PROBLEM TO SOLVE ▸ Please restate the records that follow word for word, omitting any images.

DATA SHOWN ▸
⁂

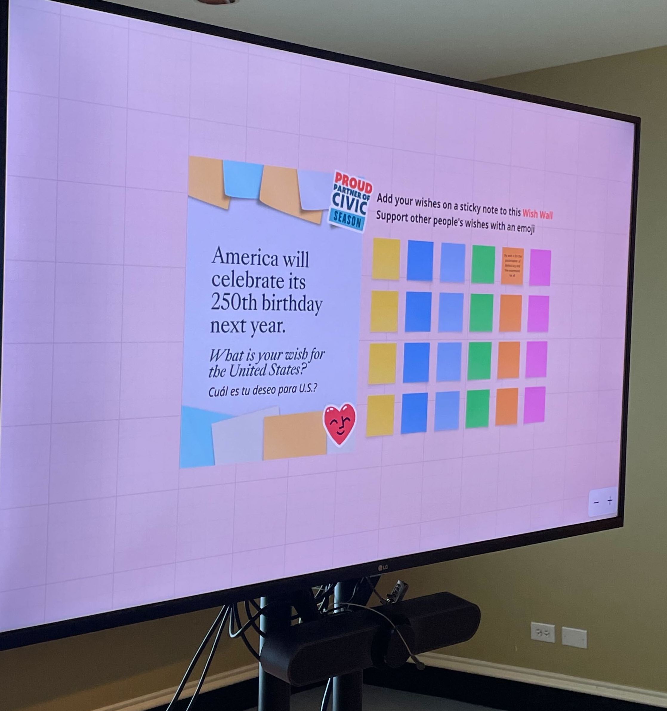 A flexible, low-lift and non-partisan avenue to add to your 250th experience. Wish Walls invite everyone to to contribute to our shared story, in our local communities.
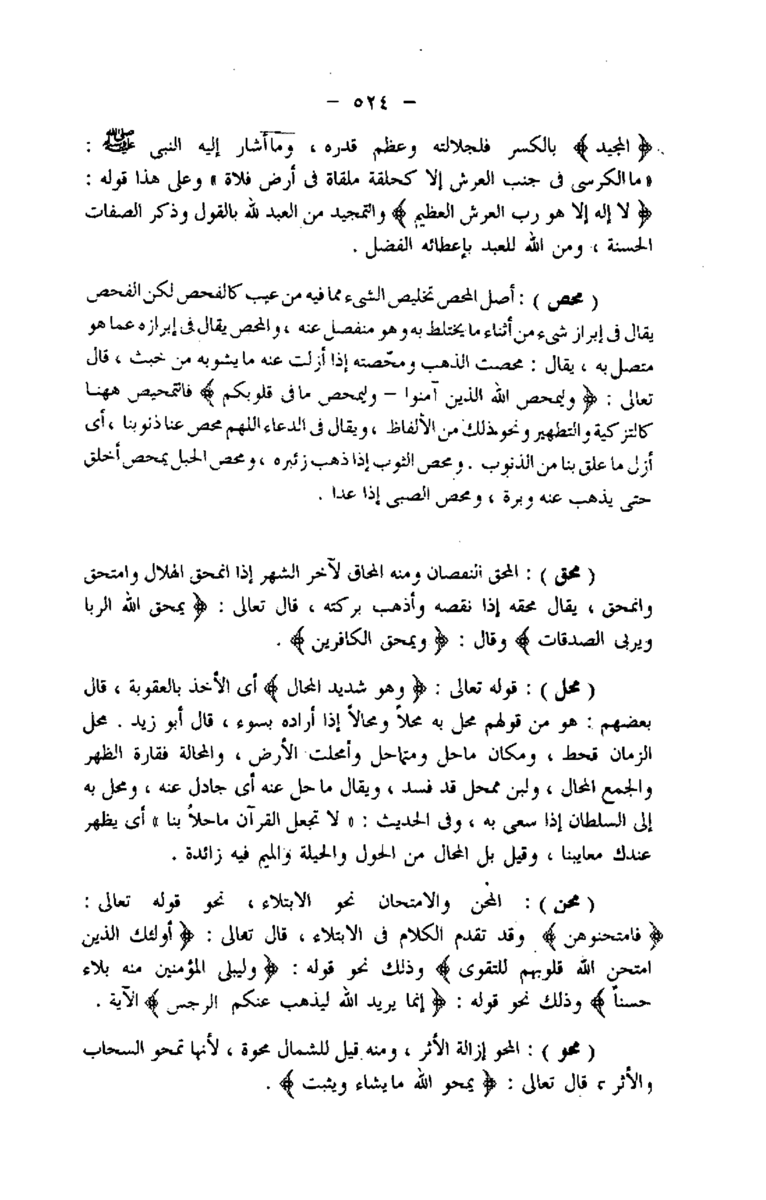 (محص) : أصل المحص تخليص الشيء مما فيه من عيب كالفحص لكن الفحص يقال فى إبراز شىء من أثناء ما يختلط به وهو منفصل عنه، والمحص يقال فى إبرازه عما هو متصل به، يقال: محصت الذهب ومحّصته إذا أزلت عنه ما يشوبه من خبث، قال تعالى: وَلِيُمَحِّصَ اللَّهُ الَّذِينَ آمَنُوا- وَلِيُمَحِّصَ ما فِي قُلُوبِكُمْ فالتمحيص هاهنا كالتزكية والتطهير ونحو ذلك من الألفاظ، ويقال فى الدعاء اللهم محص عنا ذنوبنا، أي أزل ما علق بنا من الذنوب. ومحص الثوب إذا ذهب زئبره، ومحص الحبل يمحص أخلق حتى يذهب عنه وبرة، ومحص الصبى إذا عدا.
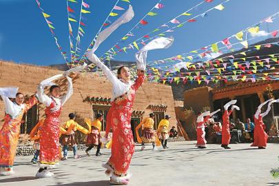 甘孜、阿壩兩州春節(jié)“五下鄉(xiāng)”活動,豐富藏區(qū)群眾文化生活。圖為鄉(xiāng)城縣青德鎮(zhèn)布機(jī)村演出現(xiàn)場。
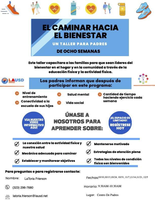 Taller para padres de 8 semanas con el Asesor de Recursos, del 10 de octubre al 5 de diciembre, de 9:30 a 10:30 h, en el Centro para Padres. Capacita a las familias para ser líderes de bienestar en casa y en la comunidad. Únase para aprender sobre: la mecánica correcta de la caminata, el establecimiento y mantenimiento de metas, y la motivación. Se aceptan personas de todos los niveles de condición física.
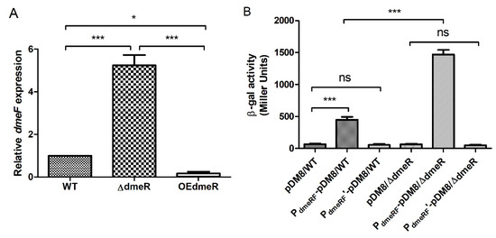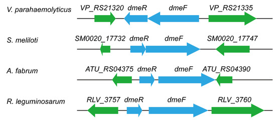 2.1. Identification of the DmeRF System in V. parahaemolyticus
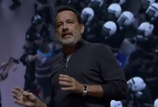 Mae's advance up the ladder at The Circle puts a strain on her friendship with Annie as well as her relationship with her parents, who are also required to install cameras at their house. Those cameras are taken offline when Mae's followers, seeing what Mae sees, accidentally catch a glimpse of her parents having sex with the aid of a penis pump for her disabled father, humiliating both of them. Mae also forms a muddled alliance with Ty Lavitte (John Boyega of STAR WARS: THE FORCE AWAKENS), a legendary hacker who works for The Circle, designing a program that's been hijacked by Bailey and his business partner Tom Stenton (Patton Oswalt) to spy on every Circle user and store all of their personal information, phone calls, e-mails, texts, etc. Much to Lavitte's disgust, Bailey and Stenton use this information to blackmail a senator (Eve Gordon) who's been publicly critical of The Circle, and with Mae's help, they even concoct a plan to tie The Circle into voter registration records and not only allow users to vote through their Circle account, but require them to be Circle users in order to vote ("The US government needs us more than we need them," Stenton says). There's some heady implications in a lot of what goes on in THE CIRCLE, especially the ultimate fate of Mercer as a scathing critique of social media hysteria, but Ponsoldt bungles it at every turn. THE CIRCLE is content to lecture the audience and too often comes off like it's taking an approach to technology that's equal parts Stubborn Luddite and Scared Old Man. What could've been a smart, topical critique of our reliance on technology and our willingness to sacrifice privacy and human interaction for convenience and a feeling of connection with the rest of the world comes off as smug and sanctimonious, complete with a laughably simplistic non-ending that has Mae staging a revolt against Bailey and Stenton and literally Pied Pipering her newly-woke colleagues out of a darkened, pitch black auditorium through an exit door, outside into the light. Watson is a capable actress but she's strangely one-note here. Boyega seems to have been affected most by the reshoots, looking like he spent his entire time on the set unsuccessfully trying to locate Ponsoldt, while Paxton musters what trace amounts of dignity he can with a penis pump and in another scene that requires him to piss himself. What little novelty this misfire offers comes from seeing Hanks and Oswalt atypically cast as quietly sinister villains, but neither seems to have spent more than a few days working on this, enough for one to surmise that when Bailey turns to Stenton at the end and says "We are so fucked," it's very possible that it was just Hanks talking to Oswalt without knowing the cameras were rolling. Altered extensively from Eggers' novel, THE CIRCLE is disjointed, already past its sell-by date, and completely unsure of what point its even trying to make.
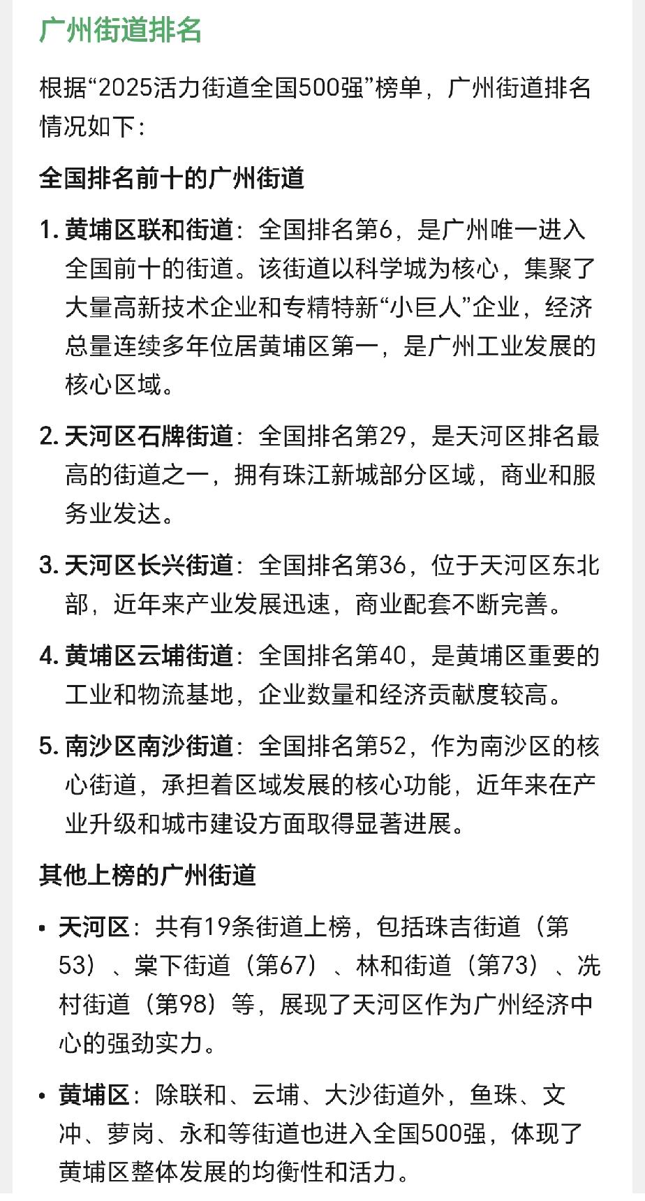 赛迪“2025活力街道500强”名单分享,深圳南山粤海街道稳居第一名,佛山南海桂城街道第四名,黄埔区联和街道全国排名第6,是广州唯一进入全国前十的街道。 联和街道以科学城为核心,聚集了大量高新技术企业和专精特新“小巨人”企业,经济总量连续多年位居黄埔区第一名,是广州新质生产力发展核心区域。
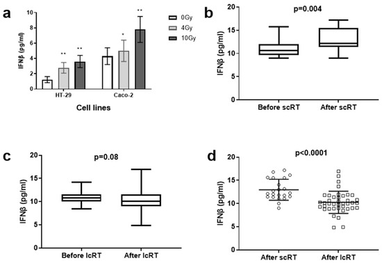 Changes in the mean (±standard deviation) concentration of IFNβ in the supernatant of colorectal cancer cell lines following irradiation with 4 and 10 Gy (* p-value < 0.05, ** p-value < 0.01) (a). Graph presentation of plasma IFNβ levels before and after radiotherapy (RT) in patients treated with short-course (scRT) (b) and long-course (lcRT) (c) RT. Comparison of the IFNβ levels post-RT in the two groups (d). Box and whisker plots show the median value, range, and the 25th and 75th percentiles. Scatter plot shows individual values and mean ± standard deviation.
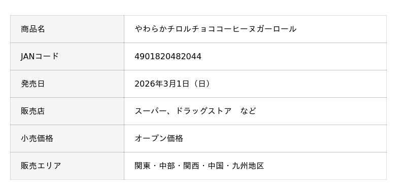 敷島製パン株式会社(Pasco)は、「やわらかチロルチョココーヒーヌガーロール」を2026年3月1日(日)より*、関東・中部・関西・中国・九州地区にて発売します。
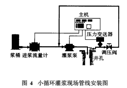 小循環灌漿法的實質是: a泵的吸入量主要由返漿量提供,返漿量的大小由高壓調節閥控制,鉆孔灌漿注入量=流量計量(見圖4);b流量計大部分時間工作在1/3量程之下,相當長的時間內工作在1L/min左右;c返漿漿液不返回攪漿桶,水泥漿液只能在閉合的管道中循環,漿桶內調節水灰比對灌漿漿液的密度影響甚微。
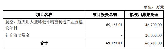 航宇科技上市的募集资金总额为4.02亿元,募集资金净额为3.49亿元,较原拟募资净额少3.51亿元。航宇科技此前披露的招股书显示,公司拟募资净额为7亿元,拟分别用于“航空发动机、燃气轮机用特种合金环轧锻件精密制造产业园建设项目”、“补充流动资金”。

⁂

RESULT BELOW ▸
 A flexible, low-lift and non-partisan avenue to add to your 250th experience. Wish Walls invite everyone to to contribute to our shared story, in our local communities.
 (محص) : أصل المحص تخليص الشيء مما فيه من عيب كالفحص لكن الفحص يقال فى إبراز شىء من أثناء ما يختلط به وهو منفصل عنه، والمحص يقال فى إبرازه عما هو متصل به، يقال: محصت الذهب ومحّصته إذا أزلت عنه ما يشوبه من خبث، قال تعالى: وَلِيُمَحِّصَ اللَّهُ الَّذِينَ آمَنُوا- وَلِيُمَحِّصَ ما فِي قُلُوبِكُمْ فالتمحيص هاهنا كالتزكية والتطهير ونحو ذلك من الألفاظ، ويقال فى الدعاء اللهم محص عنا ذنوبنا، أي أزل ما علق بنا من الذنوب. ومحص الثوب إذا ذهب زئبره، ومحص الحبل يمحص أخلق حتى يذهب عنه وبرة، ومحص الصبى إذا عدا.
 甘孜、阿壩兩州春節(jié)“五下鄉(xiāng)”活動,豐富藏區(qū)群眾文化生活。圖為鄉(xiāng)城縣青德鎮(zhèn)布機(jī)村演出現(xiàn)場。
 Taller para padres de 8 semanas con el Asesor de Recursos, del 10 de octubre al 5 de diciembre, de 9:30 a 10:30 h, en el Centro para Padres. Capacita a las familias para ser líderes de bienestar en casa y en la comunidad. Únase para aprender sobre: la mecánica correcta de la caminata, el establecimiento y mantenimiento de metas, y la motivación. Se aceptan personas de todos los niveles de condición física.
 2.1. Identification of the DmeRF System in V. parahaemolyticus
 Mae's advance up the ladder at The Circle puts a strain on her friendship with Annie as well as her relationship with her parents, who are also required to install cameras at their house. Those cameras are taken offline when Mae's followers, seeing what Mae sees, accidentally catch a glimpse of her parents having sex with the aid of a penis pump for her disabled father, humiliating both of them. Mae also forms a muddled alliance with Ty Lavitte (John Boyega of STAR WARS: THE FORCE AWAKENS), a legendary hacker who works for The Circle, designing a program that's been hijacked by Bailey and his business partner Tom Stenton (Patton Oswalt) to spy on every Circle user and store all of their personal information, phone calls, e-mails, texts, etc. Much to Lavitte's disgust, Bailey and Stenton use this information to blackmail a senator (Eve Gordon) who's been publicly critical of The Circle, and with Mae's help, they even concoct a plan to tie The Circle into voter registration records and not only allow users to vote through their Circle account, but require them to be Circle users in order to vote ("The US government needs us more than we need them," Stenton says). There's some heady implications in a lot of what goes on in THE CIRCLE, especially the ultimate fate of Mercer as a scathing critique of social media hysteria, but Ponsoldt bungles it at every turn. THE CIRCLE is content to lecture the audience and too often comes off like it's taking an approach to technology that's equal parts Stubborn Luddite and Scared Old Man. What could've been a smart, topical critique of our reliance on technology and our willingness to sacrifice privacy and human interaction for convenience and a feeling of connection with the rest of the world comes off as smug and sanctimonious, complete with a laughably simplistic non-ending that has Mae staging a revolt against Bailey and Stenton and literally Pied Pipering her newly-woke colleagues out of a darkened, pitch black auditorium through an exit door, outside into the light. Watson is a capable actress but she's strangely one-note here. Boyega seems to have been affected most by the reshoots, looking like he spent his entire time on the set unsuccessfully trying to locate Ponsoldt, while Paxton musters what trace amounts of dignity he can with a penis pump and in another scene that requires him to piss himself. What little novelty this misfire offers comes from seeing Hanks and Oswalt atypically cast as quietly sinister villains, but neither seems to have spent more than a few days working on this, enough for one to surmise that when Bailey turns to Stenton at the end and says "We are so fucked," it's very possible that it was just Hanks talking to Oswalt without knowing the cameras were rolling. Altered extensively from Eggers' novel, THE CIRCLE is disjointed, already past its sell-by date, and completely unsure of what point its even trying to make.
 赛迪“2025活力街道500强”名单分享,深圳南山粤海街道稳居第一名,佛山南海桂城街道第四名,黄埔区联和街道全国排名第6,是广州唯一进入全国前十的街道。 联和街道以科学城为核心,聚集了大量高新技术企业和专精特新“小巨人”企业,经济总量连续多年位居黄埔区第一名,是广州新质生产力发展核心区域。
 Changes in the mean (±standard deviation) concentration of IFNβ in the supernatant of colorectal cancer cell lines following irradiation with 4 and 10 Gy (* p-value < 0.05, ** p-value < 0.01) (a). Graph presentation of plasma IFNβ levels before and after radiotherapy (RT) in patients treated with short-course (scRT) (b) and long-course (lcRT) (c) RT. Comparison of the IFNβ levels post-RT in the two groups (d). Box and whisker plots show the median value, range, and the 25th and 75th percentiles. Scatter plot shows individual values and mean ± standard deviation.
 敷島製パン株式会社(Pasco)は、「やわらかチロルチョココーヒーヌガーロール」を2026年3月1日(日)より*、関東・中部・関西・中国・九州地区にて発売します。
 小循環灌漿法的實質是: a泵的吸入量主要由返漿量提供,返漿量的大小由高壓調節閥控制,鉆孔灌漿注入量=流量計量(見圖4);b流量計大部分時間工作在1/3量程之下,相當長的時間內工作在1L/min左右;c返漿漿液不返回攪漿桶,水泥漿液只能在閉合的管道中循環,漿桶內調節水灰比對灌漿漿液的密度影響甚微。
 航宇科技上市的募集资金总额为4.02亿元,募集资金净额为3.49亿元,较原拟募资净额少3.51亿元。航宇科技此前披露的招股书显示,公司拟募资净额为7亿元,拟分别用于“航空发动机、燃气轮机用特种合金环轧锻件精密制造产业园建设项目”、“补充流动资金”。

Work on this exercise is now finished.